* THE DATA *
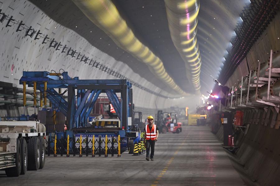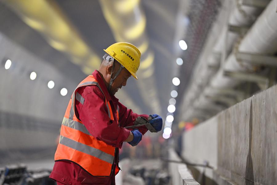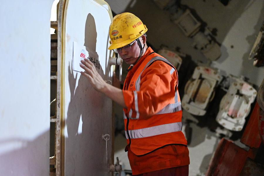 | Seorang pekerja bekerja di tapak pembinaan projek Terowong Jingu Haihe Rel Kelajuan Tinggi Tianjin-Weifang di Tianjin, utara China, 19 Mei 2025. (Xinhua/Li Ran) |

--

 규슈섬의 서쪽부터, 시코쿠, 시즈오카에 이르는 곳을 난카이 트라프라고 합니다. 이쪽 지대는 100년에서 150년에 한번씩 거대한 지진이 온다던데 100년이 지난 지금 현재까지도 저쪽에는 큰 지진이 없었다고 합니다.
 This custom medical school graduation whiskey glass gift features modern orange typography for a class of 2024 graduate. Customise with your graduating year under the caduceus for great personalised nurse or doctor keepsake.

* WHAT THE TASK ASKS *
Above are the entries. Output exactly the lines beginning with the line that has "규슈섬의 서쪽부터, 시코쿠, 시즈오카에" and ending with the line that has "This custom medical".

* EXERCISE RESPONSE *
 규슈섬의 서쪽부터, 시코쿠, 시즈오카에 이르는 곳을 난카이 트라프라고 합니다. 이쪽 지대는 100년에서 150년에 한번씩 거대한 지진이 온다던데 100년이 지난 지금 현재까지도 저쪽에는 큰 지진이 없었다고 합니다.
 This custom medical school graduation whiskey glass gift features modern orange typography for a class of 2024 graduate. Customise with your graduating year under the caduceus for great personalised nurse or doctor keepsake.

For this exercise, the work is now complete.